So I first encountered your writing years ago when a friend of mine gave me Love and Salt. And my first thought was, how did I not meet this woman? Because our time in Pittsburgh overlapped. And I was really sorry about that fact. And I also recognized in your writing a kindred spirit on a lot of levels, but not the least of which was this real identification with place and the way that place shapes us physically, psychologically, socially, and spiritually. And you do write about Pittsburgh some in Love and Salt, but the place that you keep coming back to is New Orleans. can you describe what it was like growing up in New Orleans?

Jessica:

Yeah, I mean, I was really fortunate to grow up there, because it's magic, and you're just steeped in a sort of enchanted religious environment that doesn't exist anywhere else that I know of, at least in the United States. You know, your life is ordered to the liturgical year, whether or not you're Catholic. And pretty much everyone is Catholic. Even, we used to say, even the Baptists are Catholic. My grandmother was Baptist, and she called herself Batholic. there's this real, I don't know, fluidity among the Christian traditions. There wasn't this dividing wall between Catholicism and Protestantism for me, growing up. It was just all kind of part of the stew, along with voodoo traditions, superstition, Mardi Gras parades with Greek gods on the floats. So just kind of growing up in that, I think it was so important to my imagination and that even though, you know, I didn't grow up in a family of intellectuals or readers. I’m the first person in my family to go to graduate school and only the second to go to college. So I think it just awakened some kind of an intellectual interest in the imagination and religion.

So that's the first thing I would say.

Elise:

Yeah, and I think that that idea that your imagination was brought alive by a place is so important for a life of faith. That imagination actually is crucial to kind of thinking about our faith lives. Do you have other reasons why you think New Orleans won't let you go, or to ask the question another way, why you don't want to let go of New Orleans in your thinking?

Jessica:

Well, primarily it must be because it's where my mother was born and raised in where she's buried. So I have this deep connection to the place as the home of my mother and the place that I feel most connected to her. But I also am really interested in the idea of a place having a sort of presiding spirit or character, which is, you know, comes from the Latin genius loci. I've been looking into the idea that certain places have unique qualities, not just in terms of their geography, but in how they impact our imaginations and our character when we live there. Which, I came to this conclusion because I went through this really strange obsession with 1970s British horror movies about, yeah, about rural religion and its connection to rural landscape and how, when those traditions are forgotten, somehow, the land carries on the tradition, even without the people. So you can still offend the tradition of a place even when the people aren't practicing it anymore. So that gets into, you know, a lot of pagan religion, and the idea that there's a God or a deity in charge of a place.

But I kind of like thinking about it in those terms, because I've moved so much and I've written and so much about feeling disconnected from the land. And I wanted to really deliberately try to reconnect with the places that I've been moving to. And I mean, I move like every two years, just because, I don't know why. I mean, I think I was cursed with an academic itinerant lifestyle. And I never end up getting back to New Orleans. I just keep relocating to random places across the country. And they have more often than not been rural because that's where arts communities are, and liberal arts colleges.

You know, so trying very deliberately to uncover the character of a land, because that's kind of done for you in New Orleans. When you grow up in that area, you don't have to look very far for history or religious tradition. But I've found that a lot of the places I moved lacked that kind of imaginative excitement for me because it wasn't quite as obvious. So I've been very deliberate about trying to uncover it and reconnect with the land in any way that I can, or examine, through my writing, the ways that certain places have changed me by living there and to appreciate the ways that they've changed me and shaped me. Not just through relationships with people, but just from living on a certain plot of earth.

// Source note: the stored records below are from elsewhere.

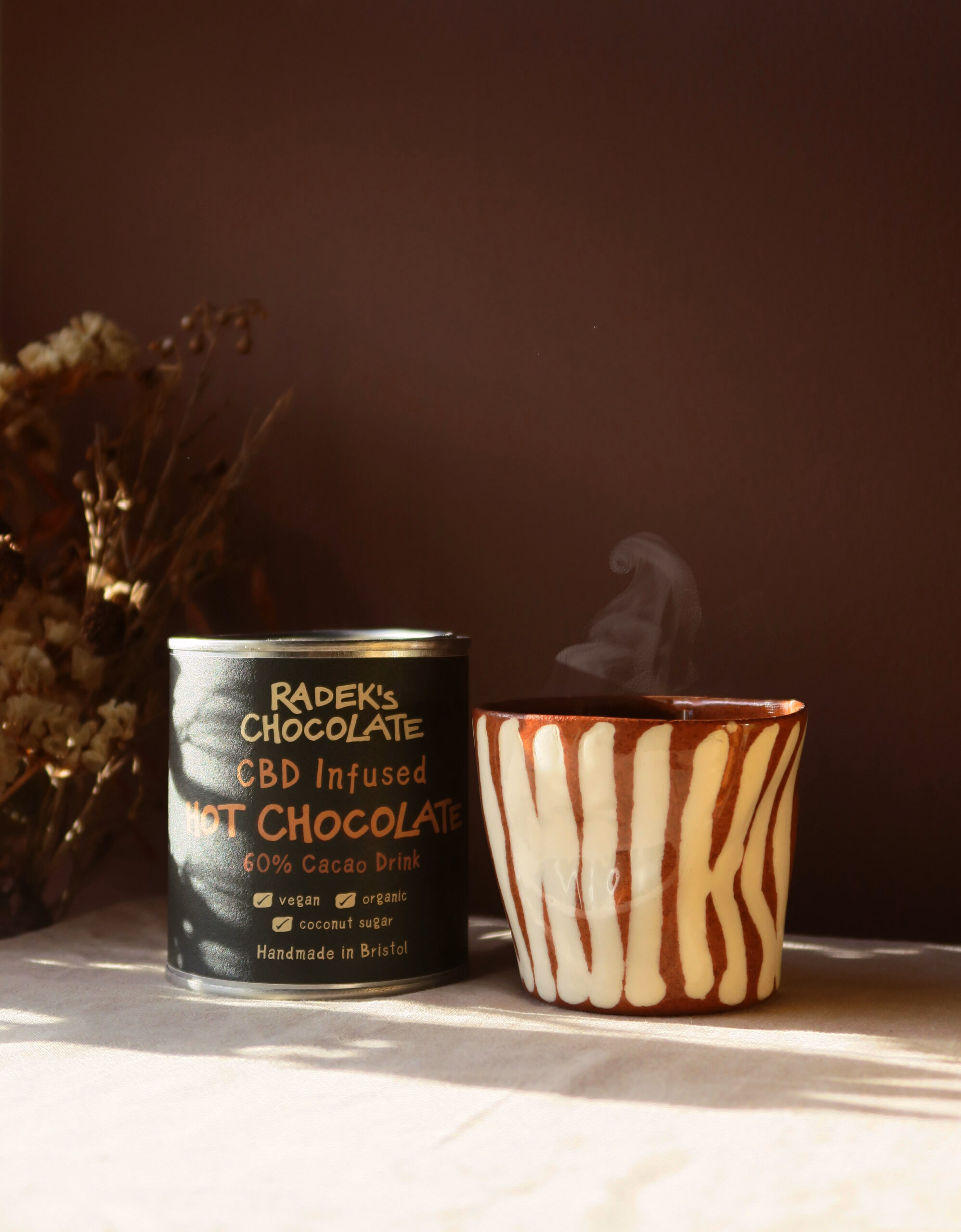 This CBD drinking chocolate (hot chocolate) is made with ethically sourced cocoa beans grown by farmers respecting human rights, biodiversity and cocoa forestry. Our chocolate is made in micro batches which are stone-ground for three days, blending our specially sourced cacao with cbd oil, coconut sugar, cocoa butter, lucuma, and vanilla.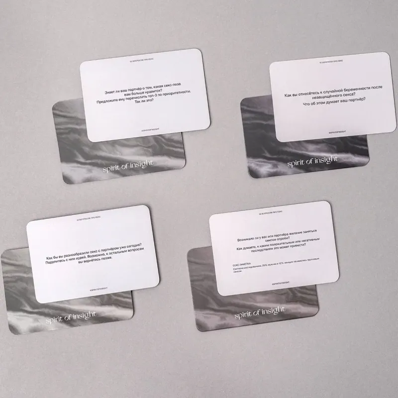 - Некоторые карты содержат элементы игры, подсказки, рекомендации, а также интересные факты, которые помогут расслабиться и довериться друг другу.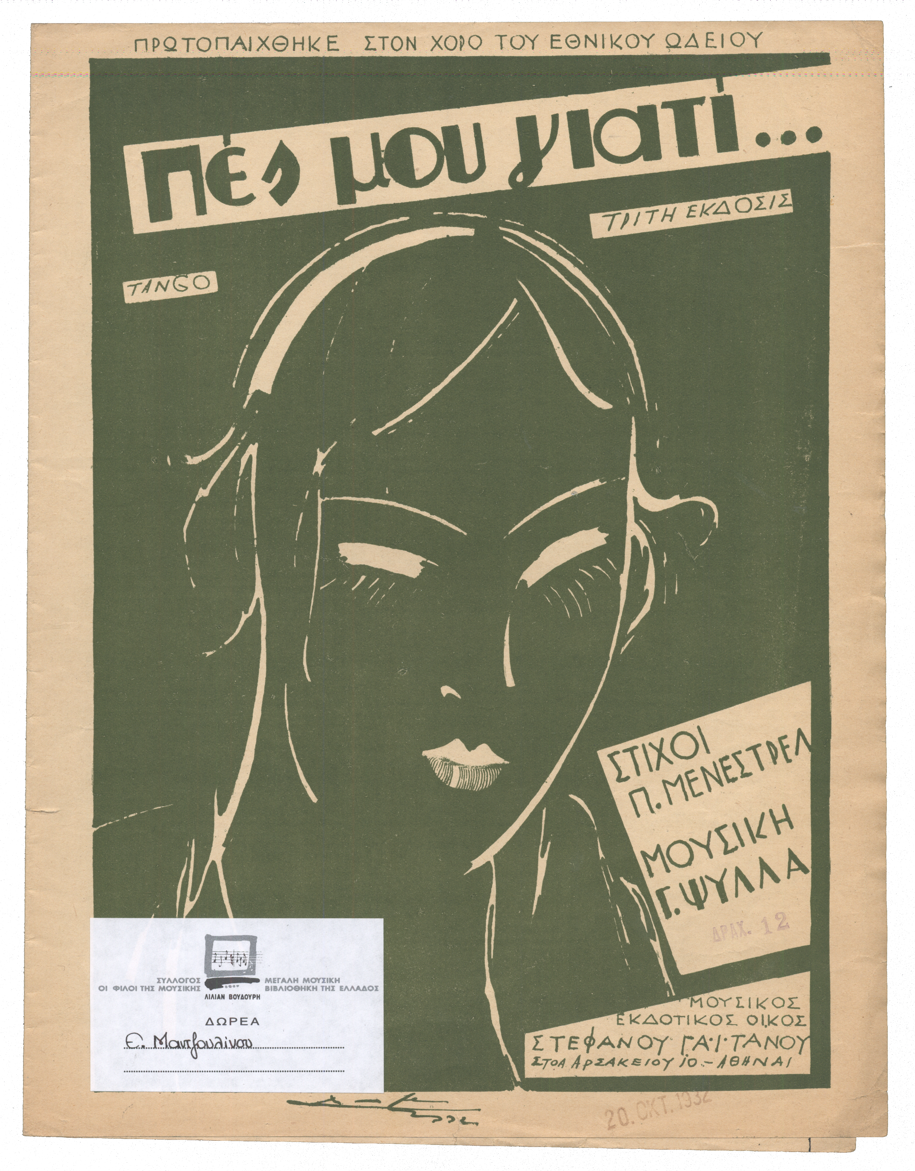 Tango (Το τραγούδι είναι 3η έκδοσις και υπάρχει σε δύο αντίτυπα) Πρωτοπαίχθηκε στον χορό του Εθνικού Ωδείου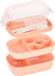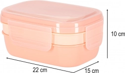 Trojposchodová konštrukcia s 8 priehradkami umožní zabaliť hlavné jedlo, prílohy aj desiatu zvlášť. Štyri klipsy pevne uzavrú veko so silikónovým tesnením, takže obsah zostane v bezpečí aj v taške. Marhuľová farba dodáva moderný vzhľad.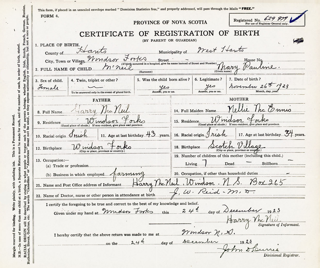 22. Name of Doctor, nurse or other person in attendance at birth J.W. Reid M.D.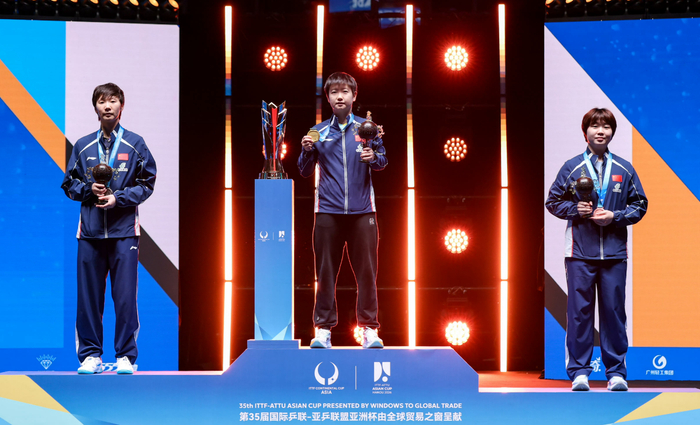 2026年乒乓球亚洲杯女单国乒包揽前三,孙颖莎冠军,王曼昱亚军,蒯曼季军,孙颖莎拿到生涯首个亚洲杯冠军,王曼昱则卫冕失败,但王曼昱在本届亚洲杯淘汰了日乒一姐张本美和与韩乒一姐申裕斌,王曼昱也展现了自己的统治力。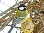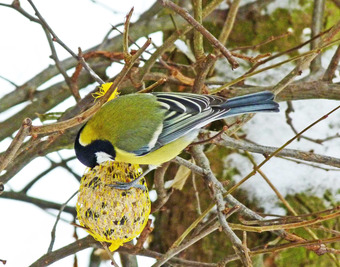 Das Foto gehört zur Serie "Vögel im Winter". Es zeigt eine Kohlmeise am Meisenknödel. Es gelten die Nutzungsbedingungen der Mediothek und Pixiothek.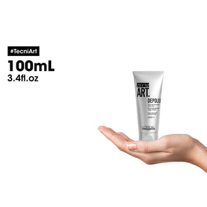 Depolish 100ml is L’Oréal Professionnel’s destructuring and workable paste. The Tecni.ART must-have to deconstruct and mattify hair for a rough, unpolished look you can endlessly remodel.

One of the readings that really inspired me to do that as well—I mean, it's not just all this pagan stuff and weird folk horror from England—but was Laudato si. And when I wrote a very in depth feature story, reported feature story about religious sisters, Catholic religious sisters in America who have been at the forefront of the green movement and who have been pioneers of green theology and have reinvented their orders in order to reconnect with the land where their congregations are living, really taken it upon themselves to do the work to reconnect the people in those communities with the land. And I realized that it was a very Catholic thing to do when I read Laudato si, and I saw all of the references that Pope Francis used throughout Catholic history, that it wasn't just the pagans that wanted to connect with the land. It's also our duty to understand our connection to the land and to foster a relationship with land. Otherwise, ecology is doomed when we lose that relationship and neglect to understand our dependence on where we live, you know, everything goes out the window, and we're seeing the effects of that.

I mean, I think for a long time I was writing about home because I was just dreadfully homesick and grieving, but I've gone down all these other rabbit holes and found that it's a much deeper, interconnected problem. And there's nothing I love more than, like, trying to figure out a really arcane problem, which is why I'm Catholic.

Elise:

Exactly. How many hairs can you split?

Jessica:

Right. And it's also, you know, that's an essayist for you. So yeah.

Elise:

All of that is so great. And I have so many thoughts about it, and maybe the first one, just your emphasis on relationality, and that relationality, it's material, it's bodily, it's interpersonal, and it's also immaterial, spiritual, imaginative—that the two things are necessarily intwined. And I think that that connection is sometimes broken and cordoned off in our discourse. We tend to think of home and place in these really evocative but overly spiritualized terms sometimes. And we forget that connection to the way a place where you grew up smells and, like, what it is took for you to walk to your bus stop, or whether you had city water or well water—all of those kinds of things really influence a sense of place.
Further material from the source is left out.